Anger as Lagos residents protest against motorcycle ban

A week after the introduction of the ban on the popular two- and three-wheeled vehicle, its impact has been widespread.

Holding a white placard above her head and surrounded by a group of young people, Sally had a clear message.

“All we want is for the government to lift the ban until an alternative is made ready,” she said.

Sally was referring to a recent decision by authorities in Nigeria‘s commercial capital, Lagos, to outlaw commercial motorcycles and tricycles from most of the crowded city’s residential and business areas.

She was not alone. Dozens of other mostly young people on Saturday joined protests in the megacity of more than 20 million people, angry by the state government’s recent decision to outlaw the two- and three-wheeled vehicles, which are a popular transportation choice for commuters seeking to beat heavy congestion.

“I am jobless and I am confused,” Innocent Udoka, one of the motorcycle drivers hit by the ban, told Al Jazeera.

“I am a graduate. I have no job and my only means of survival is taken away – how would I start again?”

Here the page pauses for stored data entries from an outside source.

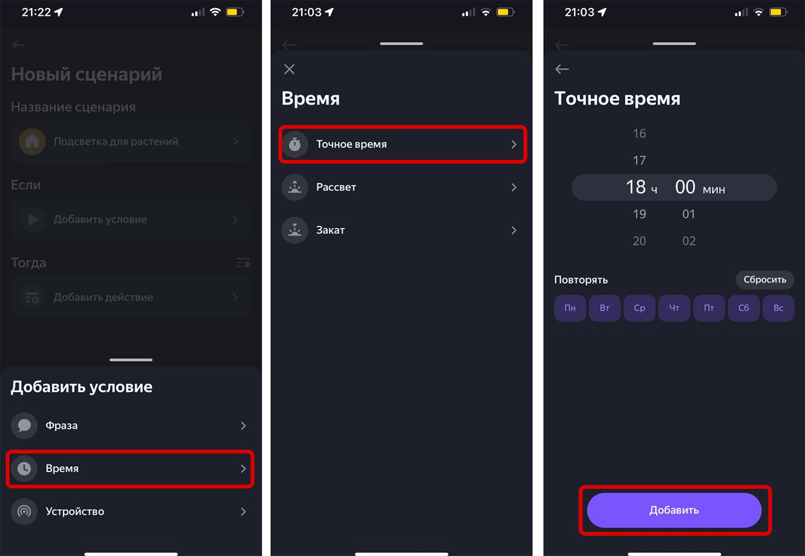 Настройте условия и триггеры сценария, которые предложит приложение. Например, установите расписание — для этого перейдите в меню «Время». Укажите время, выберите дни недели, в которые будет запускаться событие. Нажмите «Добавить».
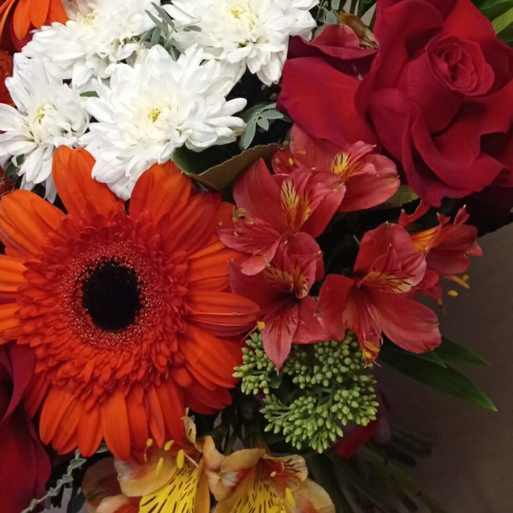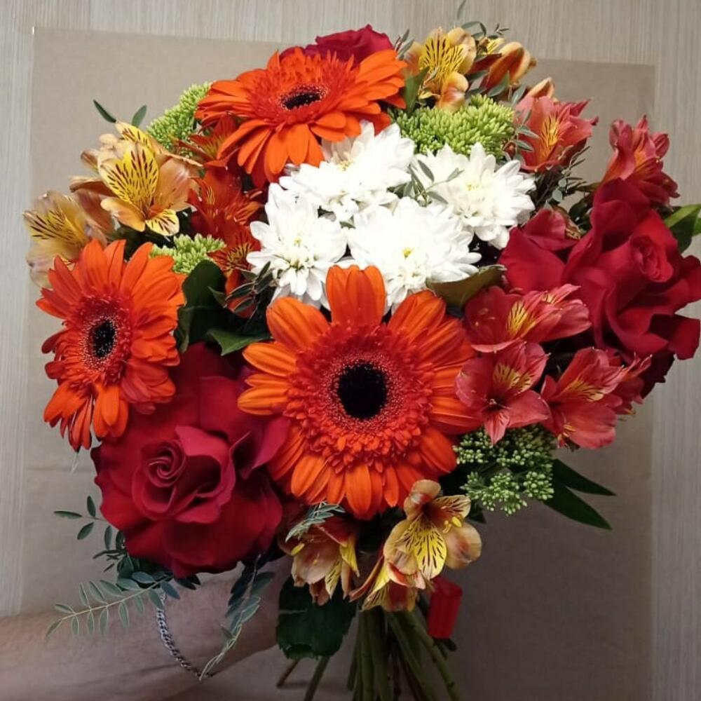 Альстромерия – 5 шт. Роза красная – 3 шт. Хризантема кустовая белая – 1 шт. Гербера красная – 3 шт.
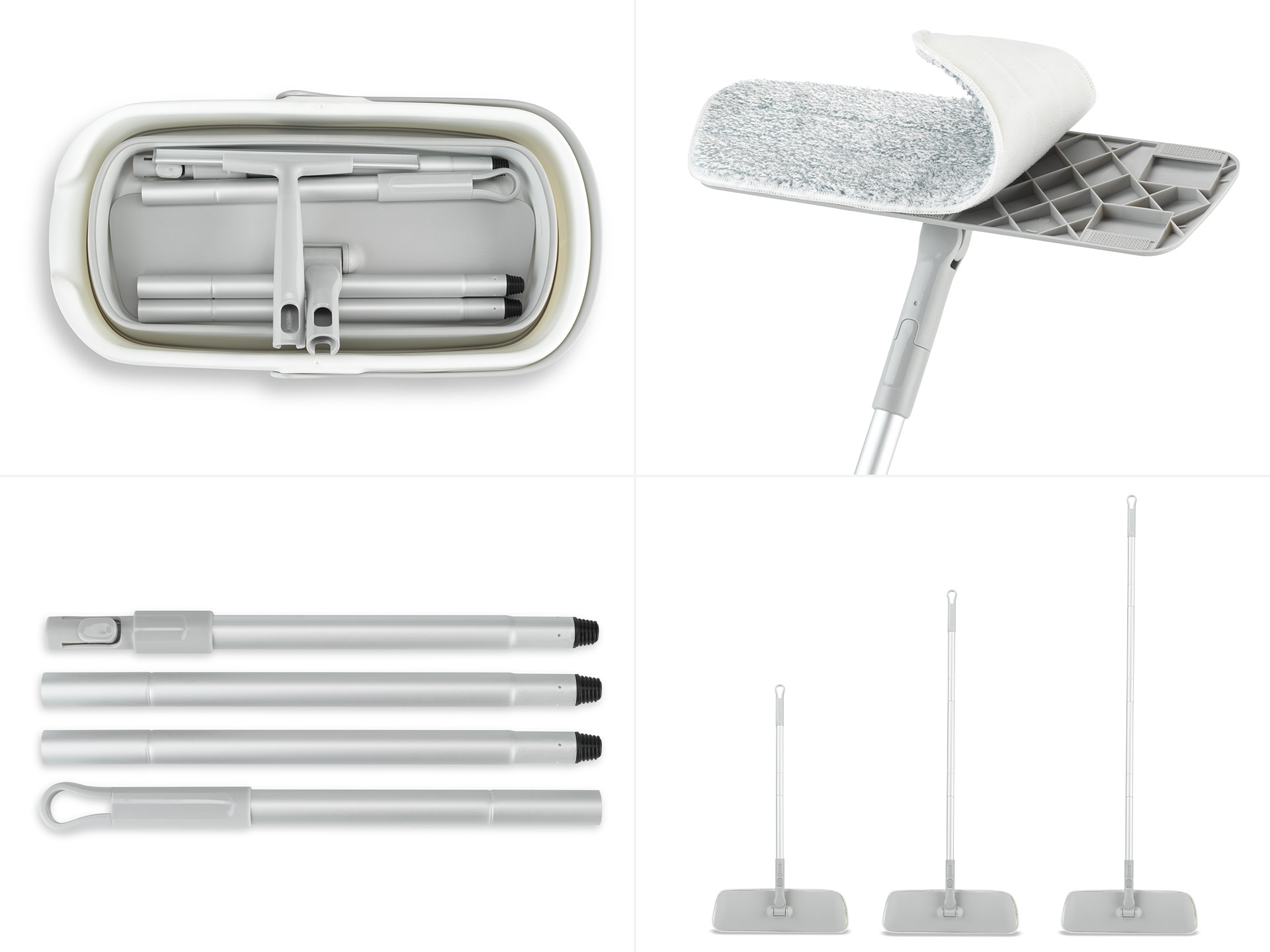 - Capul mopului si racleta pot fi atasate foarte rapid de mainerul cu dimensiunea de 124 cm. Mainerul in sine se pliaza in 4 parti pentru o depozitare comoda.
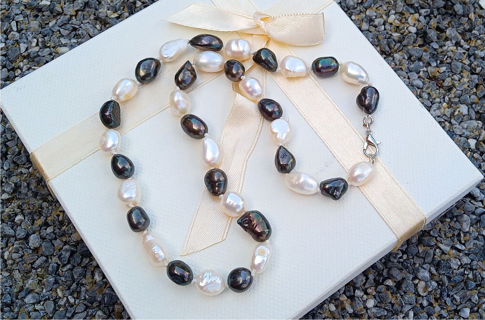 Velké říční perly uzlíkovaný perlový náhrdelník černobílý
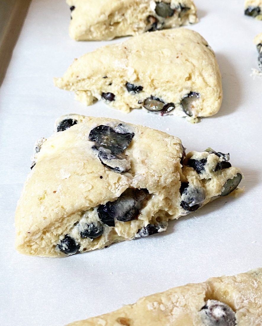 Blueberry Sour Cream Scones start just how any other scone recipe might—cutting butter into dry ingredients—but where the next step is usually to add heavy cream or half & half, these are bound with an egg and 1/2 cup of sour cream. The dough may simultaneously seem both too wet and too dry during mixing (weird and true), but it will come together. Once mixed, it’s filled with blueberries, formed into a disk and sliced into wedges before baking.
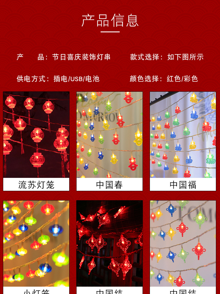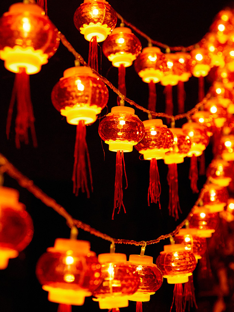 새해 장식 봄 축제 작은 조명 깜박임 조명 스트링 조명 교수형 조명 발광 술 레드 랜턴 교수형 장식 가정 새해 도매
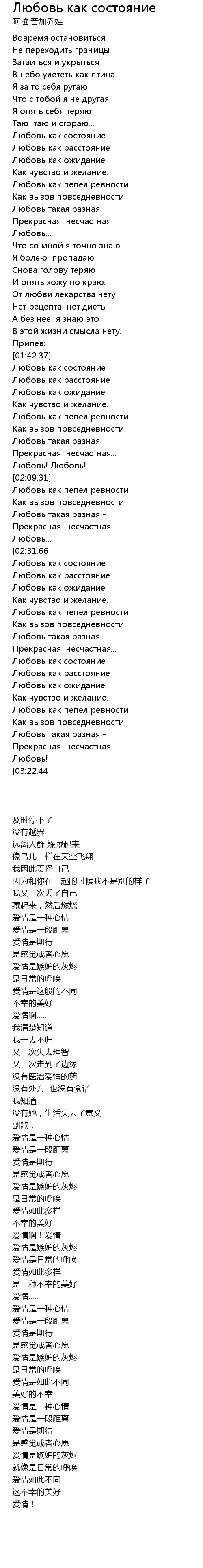 | [01:41.80] | Любовь как состояние |
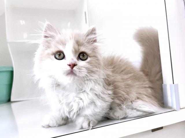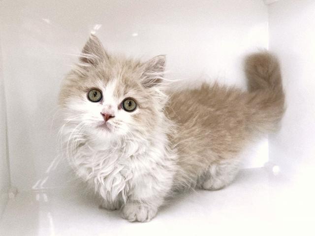 優しいクリームカラーのハチ割れ模様がキュート♪
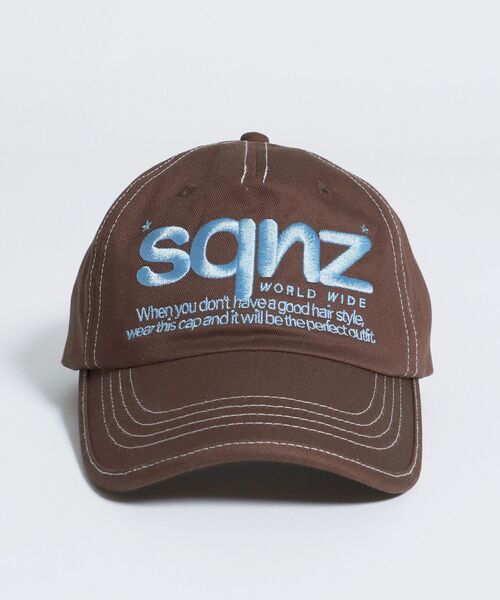 フロントには“sqnz”のロゴ刺繍が施され、コーデのアクセントになるオリジナルキャップ。
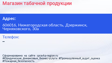Магазин табачной продукции по адресу 606016, Нижегородская область, Дзержинск, Черняховского, 30а в дальнейшем Организация, размещена в следующих категориях:

Introduced on February 1, the ban is aimed at decongesting Lagos’s roads and reducing accidents and overcrowding. Citing the two- and three-wheeled vehicles’ “chaos and disorderliness”, as well as the “scary figures” of deadly accidents, the government said the ban was central in its efforts to achieve its goals.

One week on, the effect of the ban has been widespread, with long queues forming at bus stops, car drivers facing gridlocked traffic and others sometimes having to walk to avoid hours in traffic. Meanwhile, scuffles between some drivers and the police were reported in some parts of Lagos state over the past week.

“This ban doesn’t solve any of the problems attached to it,” Sally argued. “More people are suffering to get to work … and school. And several thousand [of people] have just lost their livelihood.”

But protesters also warned that the effect of the ban could be felt by all sectors of the economy.

“The [number of] people who would suffer [is] vast, including investors,” says Lagos based writer Timileyin Ogunleye, “Why? Because [a] few months back, several investors threw in several millions of dollars into the transport business, only for this abrupt ban to follow. Things are not done that way.”